While it may be possible to do, I would
strongly recommend against it. The thing is that the virtualized hardware is
completely different from what the actual hardware in your system is. Lets say you
load Windows on your machine baremetal, it sees a nice new Intel chipset, GeForce
video card, and a SATA hard drive. Then when you try to boot that partition
with Xen, it suddenly being thrown a completely different set of hardware. It
now is seeing a Cirrus Logic video card, some older generic chipset, and an IDE
hard drive. This will most likely cause your system to blue screen, or worst
case you will have some major data loss.
-----Original Message-----
From:
xen-users-bounces@xxxxxxxxxxxxxxxxxxx [mailto:xen-users-bounces@xxxxxxxxxxxxxxxxxxx]
On Behalf Of Ishaaq Chandy
Sent: Thursday, August 10, 2006
9:17 AM
To: xen-users@xxxxxxxxxxxxxxxxxxx
Subject: [Xen-users] Re: dual boot
windows
Umm,
any clues on this one?
Ishaaq
On 10/08/06, Ishaaq Chandy <ishaaq@xxxxxxxxx> wrote:
Hi guys,
I'm new to Xen - in fact I haven't installed it yet - wanted to find out a bit
more before I test the waters.
Here's what I want to do:
1. I'm getting a new Intel Core duo laptop within a couple of days. I believe
the core duo chips have Vanderpool technology so it shouldn't be a problem
getting Xen to run windows unmodified - is this correct?

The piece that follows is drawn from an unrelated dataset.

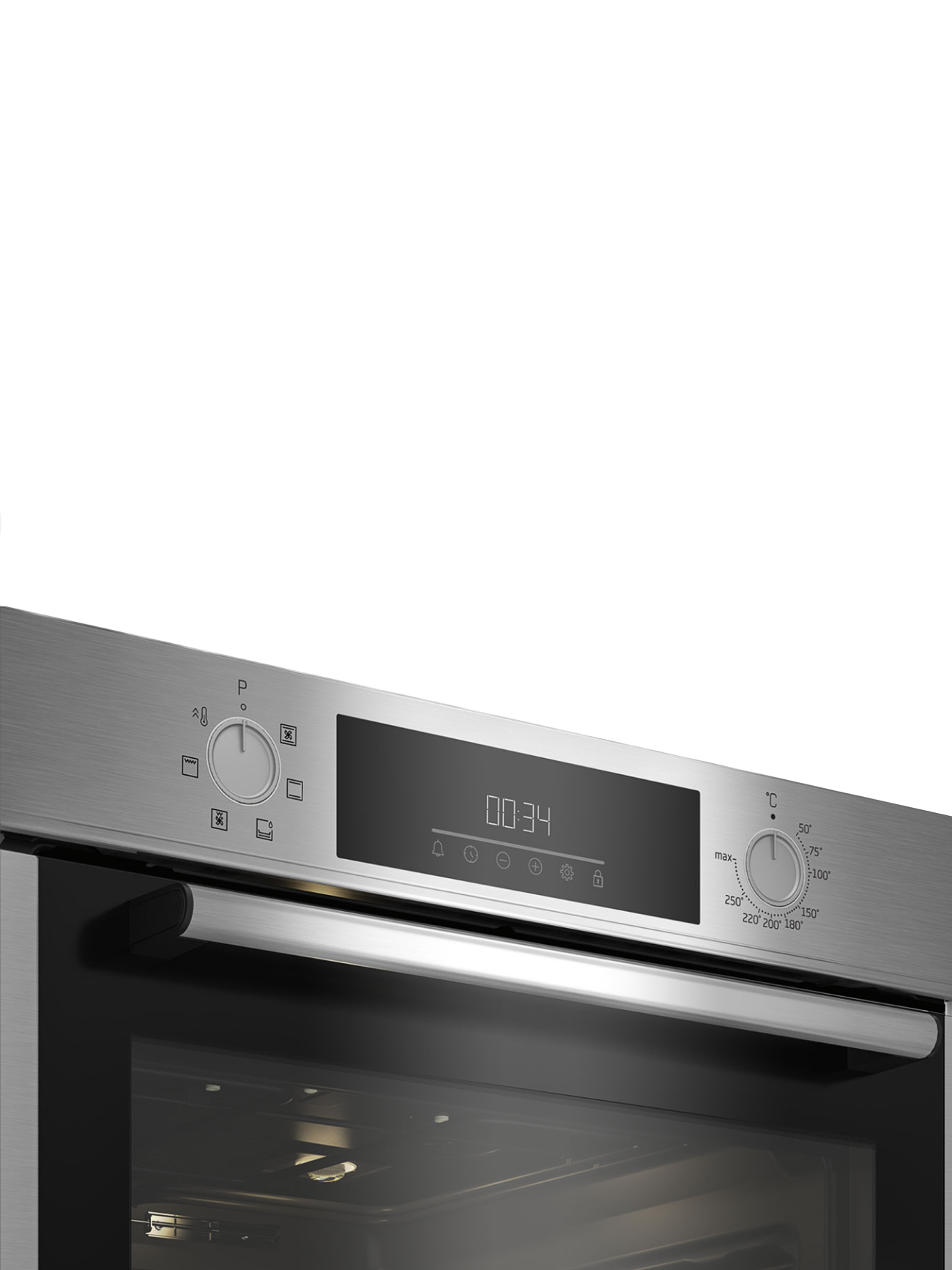 Каталитическое покрытие задней стенки камеры духового шкафа облегчает очистку, а тройное стекло дверцы обеспечивает безопасность использования.

2. I need to install WIndows normally on the hard-drive. In fact, it comes
pre-installed by the manufacturer, but I don't mind blowing it away and
reinstalling it from scratch if I need to. I plan to run this installation
normally at times when I need to run hardware intensive software - aka 3D games
:)
3. I plan to dual boot to a linux installation (Ubuntu??). This installation
will have Xen installed in it. From here I hope to be able to load up the
Windows installation mentioned in point 2 above when I need to. Is this
possible? Or do I need to (I am hoping to avoid this) install a second Windows
installation (and get the required licenses) from within Xen?